L'alternative écologique (21/01/2008)

L'un et l'autre des thèmes présentés précédemment me paraissent irréalistes car ils oublient la présence de l'homme sur notre planète, tant en terme quantitatif que sur le plan qualitatif. La seule voie réaliste, que peu de gens défendent, devrait être celle qui milite pour le respect de la nature par l'homme, non pas pour la maintenir en l'état, ce qui est impossible, mais pour veiller à assurer, en permanence, une complémentarité harmonieuse avec l'homme.

Pour en revenir à l'écosystème, rien ne prouve que l'action, tant décriée, de l'homme ne soit pas précisément naturelle pour participer à un nouvel équilibre de façon constructive, et en particulier de surmonter le manque - hypothétique - de ressources pour satisfaire une population grandissante, ou, à l'inverse, d'arriver à maîtriser la croissance de cette population, si cela pouvait paraître préférable - une évolution de la morale, peut-être ?
Ce qui caractérise nos temps modernes, c'est l'influence grandissante de l'homme sur son environnement, certes, mais pourquoi vouloir que ce soit négatif ? Bien sûr cela va changer l'environnement comme jamais il n'a évolué, mais je dirais "par définition" puisque la planète ne s'est jamais trouvée dans les conditions actuelles.
Jusqu'à un passé récent, disons jusqu'à l'avènement de l'ère industrielle, notre planète vivait sa vie, naturellement, et l'homme n'avait que peu d'influence sur son équilibre et son évolution parce qu'il subissait les lois de "la nature", vocable pris ici au sens de son environnement. Il en va différemment maintenant, et la question est plutôt de savoir quelle confiance nous avons dans la capacité de l'homme à maîtriser une nouvelle situation où il devient pratiquement responsable de l'écosystème, de son écosystème, et ceci malgré une certaine méconnaissance du fonctionnement de la nature et de ses mécanismes trop complexes pour que quiconque puisse prédire, dans l'état actuel de nos connaissances, comment elle va réagir à cette influence.
Si l'objectif est de garantir la survie de l'espèce humaine, alors personne ne peut prétendre savoir quelle est la bonne façon d'agir sur la nature. Si l'objectif est de préserver la nature, alors il faut combattre l'homme, mais cela ne garantit pas son évolution.
Dans le premier cas, l'homme est condamné à agir sur son environnement pour que l'écosystème, nature + humanité, soit maintenu en équilibre. Dans le deuxième cas, il doit se convaincre que la place de l'homme est trop importante, et agir en conséquence, c'est à dire éliminer une partie de l'humanité. Affreux dilemme !

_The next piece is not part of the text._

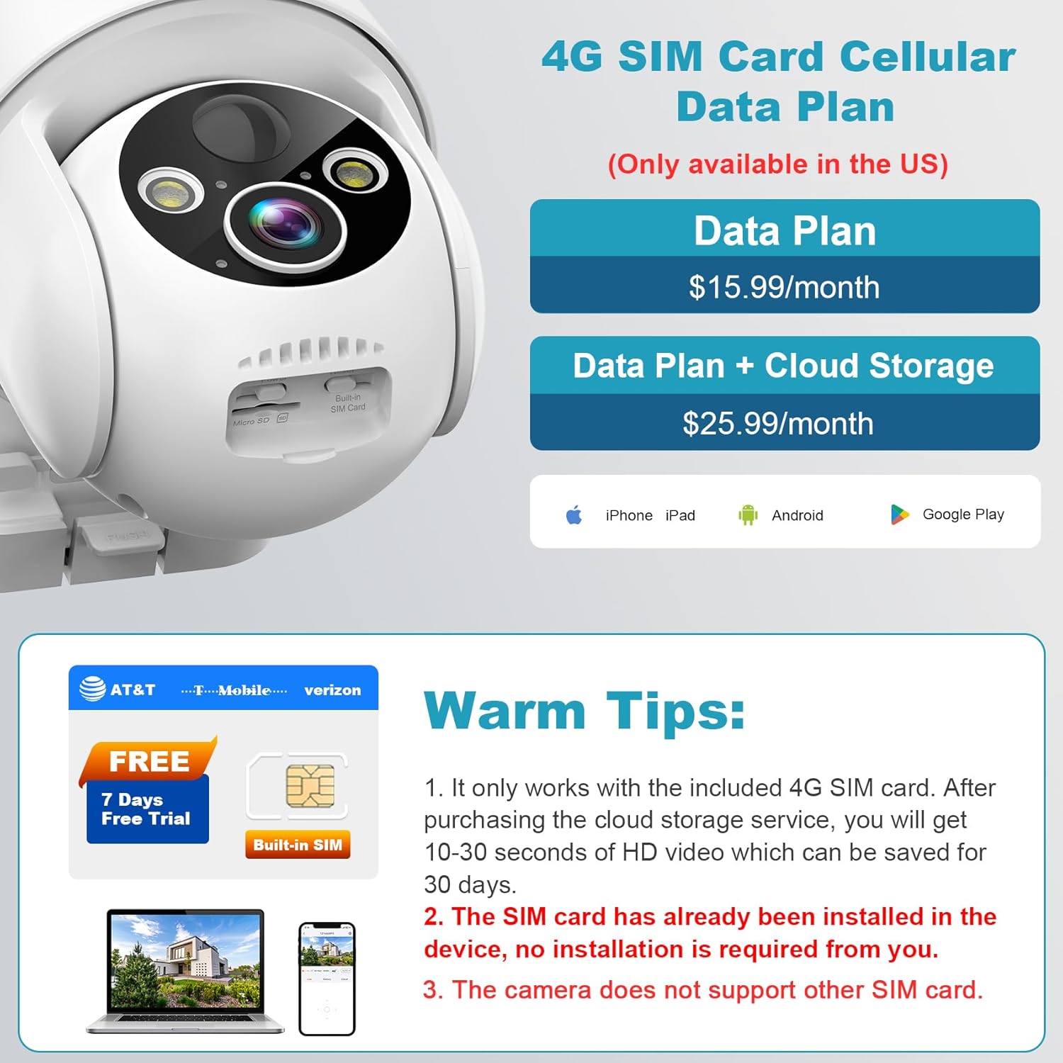 SIM Card Included & Subscription Plan: the built-in SIM card supports 4G LTE networks from Verizon, T-Mobile and AT&T, the trial data activates when the camera connects to 4G network and lasts 7 days. After that, you need to renew the data plan at $15.99/ $25.99 monthly in the app, otherwise the camera will stop running. This 4G Security Outdoor Camera supports cloud & SD card storage (up to 128GB, not included) for you to save recordings.(Note: the camera doesn’t support other SIM card)

Nous sommes certainement à une époque charnière de notre planète, où l'influence de l'humanité est devenue significative, et l'homme devra expérimenter pour savoir s'il pourra pousser la nature à le satisfaire, ou au contraire stopper l'évolution démographique pour assurer sa pérennité.

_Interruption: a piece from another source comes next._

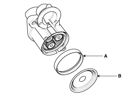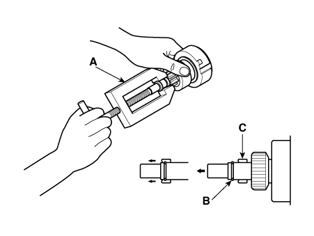После снятия стопорного кольца (A) с помощью плоскогубцев (B).

Pour prendre l'exemple de la faune, qui fait l'objet de toutes les attentions des écologistes actuels, je ne crois pas que notre planète puisse supporter la cohabitation des milliards d'individus que représente l'humanité, et d'une faune telle qu'on l'a connue jusqu'ici, autrement que de manière artificielle, dans des endroits confinés, tels que des réserves ou des parcs zoologiques. Et qui soutiendra que cette solution est préférable à l'extinction de populations animales dont le rôle dans l'écosystème n'a plus de sens sur des territoires de plus en plus réduits ?
En fait, ce maintien ne sert qu'à satisfaire la vanité humaine et probablement sa conscience. Les territoires laissés aux animaux sauvages ne cessent de s'amenuiser de telle sorte que les conditions du maintien de l'équilibre écologique de ces zones disparaissent progressivement (certains rêveurs voudraient "ménager des couloirs de migration entre les réserves" !) et ceci ne peut que s'aggraver si l'on accepte, comme on devrait le faire par simple souci d'équité, que la grande partie de l'humanité qui vit dans des conditions de promiscuité inadmissibles au plan humanitaire puisse bénéficier d'un espace de confort voisin de celui que les pays développés offrent à leurs ressortissants.
Ce qui est vrai pour la vie terrestre l'est aussi pour la faune marine qui subit le pillage des humains, mais où l'on peut avoir l'impression que le phénomène est réversible compte tenu de l'étendue des océans et de la moindre présence directe de l'homme.

Ne vous êtes vous pas étonnés du passage de la chasse à la domestication des animaux dans la manière de l'homme à subvenir à ses besoins ? Alors pourquoi l'homme aurait-il encore besoin des animaux sauvages ? Car n'en doutez pas, l'homme a domestiqué la terre, très maladroitement, j'en conviens, pour son seul usage. Et c'était forcément dans la logique de l'évolution, puisque c'est.

La mode actuelle est de concentrer toute l'attention des populations sur le phénomène écologique, comme si l'action humaine ne pouvait être que destructrice. Rien ne le prouve réellement, et ce ne sont pas les changements de climat, l'évolution de la flore et de la faune, ou autres phénomènes supposés nouveaux qui dessinent un monde inévitablement invivable. Différent, certes, mais en quoi inacceptable ?
Qui peut prétendre connaître les conséquences, par exemple de la disparition de loups, ou des ours, bruns ou blanc ? Que d'aucuns, voire la majorité le regrette, on peut le comprendre, mais en faire une démonstration que notre monde futur sera invivable est quelque peu osé.
Bien que peu de gens pensent, par exemple, que la pénurie d'énergie fossile, dont il sont convaincus de l'inéluctabilité, engendrera la fin de l'humanité, montrant bien par là leur foi dans l'adaptabilité de l'homme.

cubesA suivre - Une écologie réaliste et constructive.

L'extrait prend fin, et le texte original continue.